Let $S$ be a dynamical system on a metric space $X$ with discrete time $\mathbb{N}_0$.
In our script we have a theorem that says one can extend such a system to one, here called $\tilde{S}$, with continuous time $[0,\infty)$ on a larger space $Y$ and $\tilde{S}(1)|_X=S(1)$.
We don't have a proof, only the hint to use $Y=C^0([0,1])$. Can anyone help me with a proof?
You construct an equivalence relation on $X\times [0,1]$ so that $(x,1)$ is equivalent to $(f(x),0)$ where $f=S(1,\cdot)$ is the step-1 map of the dynamical system $S$. Then define $$\tilde S(t,(x,s))=(f^n(x),\alpha)$$ where $s+t=n+\alpha$, $n\in\Bbb N_0$ and $\alpha\in[0,1)$.
Adapt to your notation convention if I guessed the interpretation of your symbols wrong.
Justification: The task description tells that $\tilde S$ acts on a bigger space $\tilde X$ where $X$ is embedded, $\iota:X\to\tilde X$. What we originally know with certainty is that the dynamic on the embedded set should be inherited, $$\tilde S(n,\iota(x))=\iota(S(n,x))=\iota(f^n(x)).$$
What this construction does is to find the most trivial space that satisfies the demands of the task, essentially turning the problem description into a solution.

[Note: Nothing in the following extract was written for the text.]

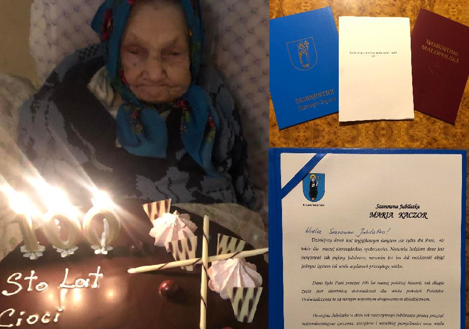 Pani Maria Kaczor z Gabonia -Praczki (gmina Stary Sącz) skończyła właśnie 100 lat. Przyszła na świat 21 stycznia 1922 roku i od urodzenia mieszka w Gaboniu -Praczce. Pani Maria jest osobą niepełnosprawną. Od urodzenia jest głucha i niema. – –Pomimo swojej niepełnosprawności ciocia cieszy się dobrym zdrowiem. Kocha słodycze i to jest jej największa słabość […]

So a value of $\tilde S(t,\iota(x))$ is needed for $t\in(0,1)$. The easiest construction is to give the pair $(x,t)\in X\times\Bbb R$ as that value. Next one has to ensure continuity at $t=1$, $$ \lim_{t\to 1}\tilde S(t,\iota(x))=\tilde S(1,\iota(x))=\iota(f(x)). $$ This leads directly to the construction of an equivalence relation $(x,1)\sim (f(x),0)$, easily generalized to $(x,t+n)\sim (f^n(x),t)$. Then $\tilde X=(X\times\Bbb R)/\sim$, the topology is inherited from $X\times\Bbb R$, the continuity of $\tilde S$ in all arguments follows from the continuity of $f$.